And if you have a 3 layer architecture like [5,7,8,2], then you know you’ll have 3 weights and 3 biases with the following shapes:

W1 = (5,7), b1 = (7,)

W2 = (7,8), b2 = (8,)

W3 = (8,2), b3 = (2,)

So what will the dimensions be for a neural network with this architecture [20, 23, 2]?

The Activation Function

Now that you’ve initialized the weights and biases, let’s talk about activation functions. Activations are the nonlinear computations done in each node of a Neural Network. Remember when I told you that each node performs some mathematical computation? Well, that computation happens in two phases.

First, you do a weighted sum of the input and the weights, add the biases, and then pass the result through an activation function. I’ll explain why we do that below.

An activation function is what makes a neural network capable of learning complex non-linear functions. Non-linear functions are difficult for traditional machine learning algorithms like logistic and linear regression to learn. The activation function is what makes a neural network capable of understanding these functions.

There are many types of activation functions used in deep learning—some popular ones are Sigmoid, ReLU, tanh, Leaky ReLU, and so on. Each activation function has its pros and cons, but the ReLU function has been shown to perform very well, so in this article, you’ll use the ReLU function.

The activation function is computed by each node in the hidden layers of a neural network. This means you’ll have to pass the weighted sums through the ReLU function.

But what is ReLU?

ReLU (Rectified Linear Unit) is a simple function that compares a value with zero. That is, it will return the value passed to it if it is greater than zero; otherwise, it returns zero.

The code for the ReLU function is shown below:

def relu(self,Z):
        '''
        The ReLu activation function is to performs a threshold
        operation to each input element where values less 
        than zero are set to zero.
        '''
        return np.maximum(0,Z)

You’ll add this inside the NeuralNetwork class.
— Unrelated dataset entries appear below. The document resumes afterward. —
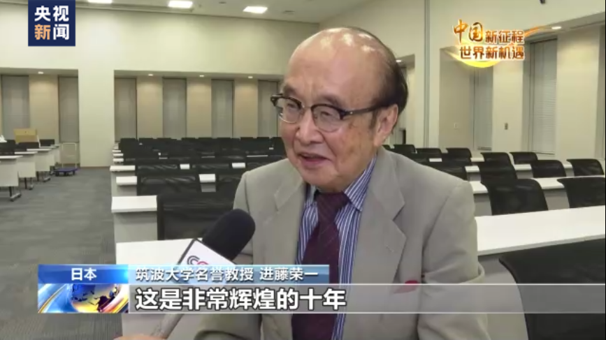 筑波大學(xué)名譽(yù)教授 進(jìn)藤榮一:這是非常輝煌的十年,可以用“三級(jí)跳”來(lái)作比喻。從國(guó)際關(guān)系方面來(lái)說(shuō),提出了共建“一帶一路”倡議,這是中國(guó)智慧。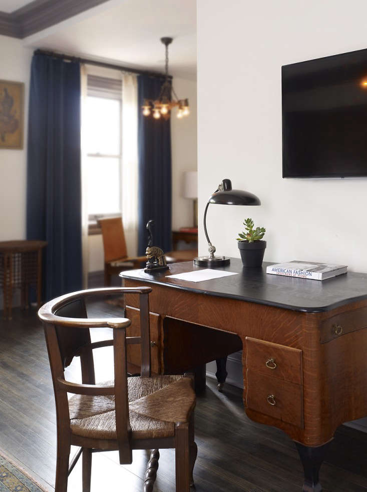 Above: An antique desk and reading lamp in a suite. Vintage furniture was sourced from an estate sale on the Bowery, among other places. Here and there, the 21st century tiptoes into the rooms: note the barely noticeable television screen on the wall.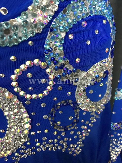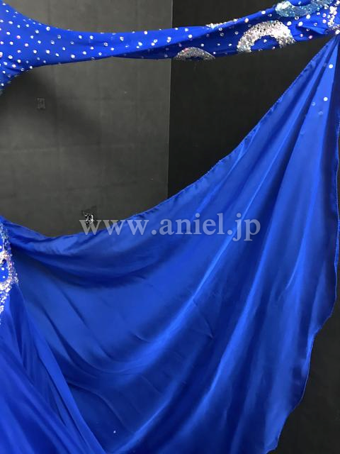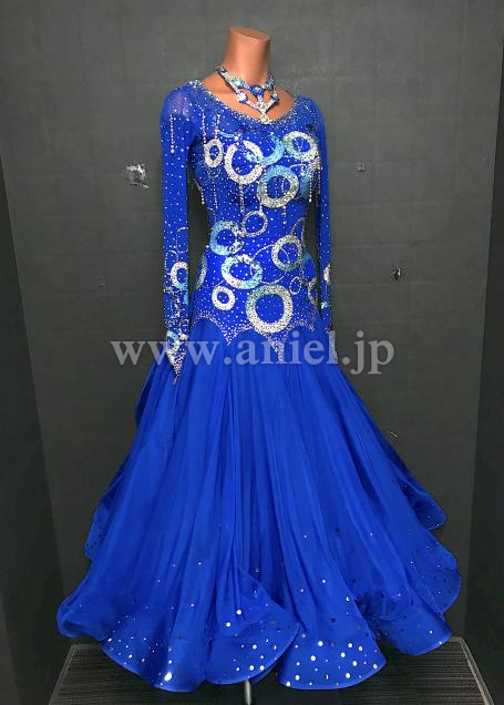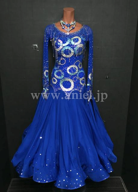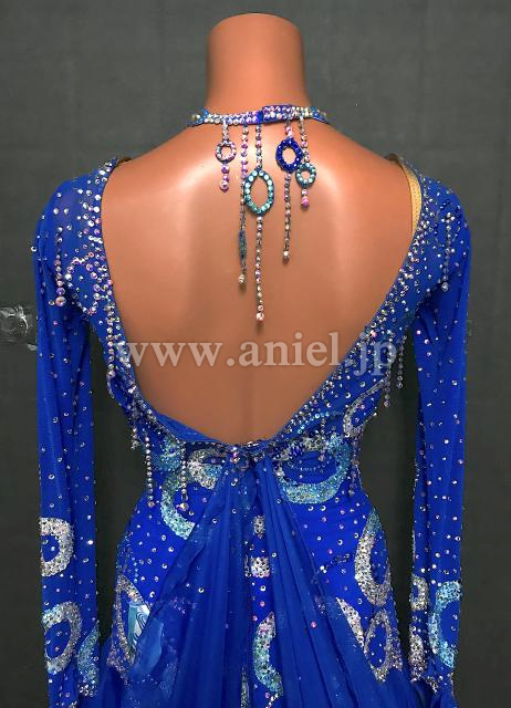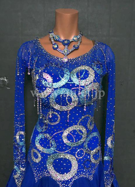 青にストーンで描かれた円モチーフがキラキラ光るドレスです。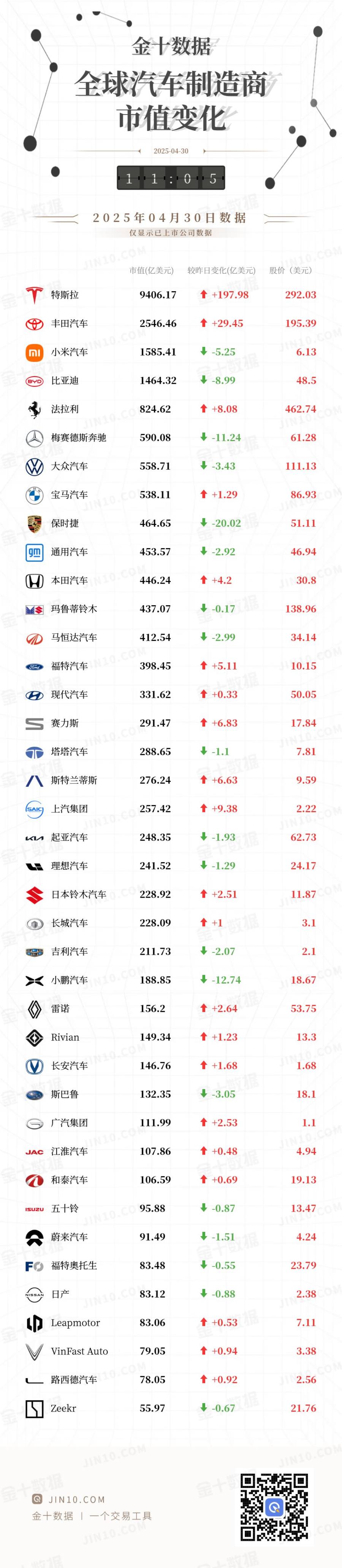 金十图示:2025年04月30日(周三)全球汽车制造商市值变化 SE @ JIN10.COM 金十数据 | 一个交易工具 JIN10.COM t with and and and and the comment | 宝马汽车 | 538.11 | 1 +1.29 | 86.93 | | --- | --- | --- | --- | | 保时捷 | 464.65 | + -20.02 | 51.11 | | 通用汽车 | 453.57 | + -2.92 | 46.94 | | 本田汽车 1-0 | 446.24 | 1 +4.2 | 30.8 | | MS 玛鲁蒂铃木 | 437.07 | + -0.17 | 138.96 | | 马恒达汽车 S | 412.54 | + -2.99 | 34.14 | | 福特汽车 | 398.45 | 1 +5.11 | 10.15 | | 19 现代汽车 | 331.62 | 1 +0.33 | 50.05 | | F 赛力斯 | 291.47 | 1 +6.83 | 17.84 | | 塔塔汽车 | 288.65 | + -1.1 | 7.81 | | 斯特兰蒂斯 ...

This function performs an array-wise ReLU because you’ll be dealing mainly with arrays, not single values.

In summary, the hidden layer receives values from the input layer, calculates a weighted sum, adds the bias term, and then passes each result through an activation function—in our case a ReLU. The result from the ReLU is then passed to the output layer, where another weighted sum is performed using the second weights and biases. But then instead of passing the result through another activation function, it is passed through what I like to call the output function.

The output function will depend on what you’re trying to predict. You can use a sigmoid function when you have a two-class problem (binary classification), and you can use a function called softmax for multi-class problems.

In this tutorial, you’ll be using a sigmoid function for the output layer. This is because you’re predicting one of two classes.

The sigmoid function takes a real number and squashes it to a value between 0 and 1. In other words, it outputs a probability score for every real number. This is useful for the task at hand because you don’t just want your model to predict a yes (1) or No (0)—you want it to predict probabilities that can help you measure how sure it is of its predictions.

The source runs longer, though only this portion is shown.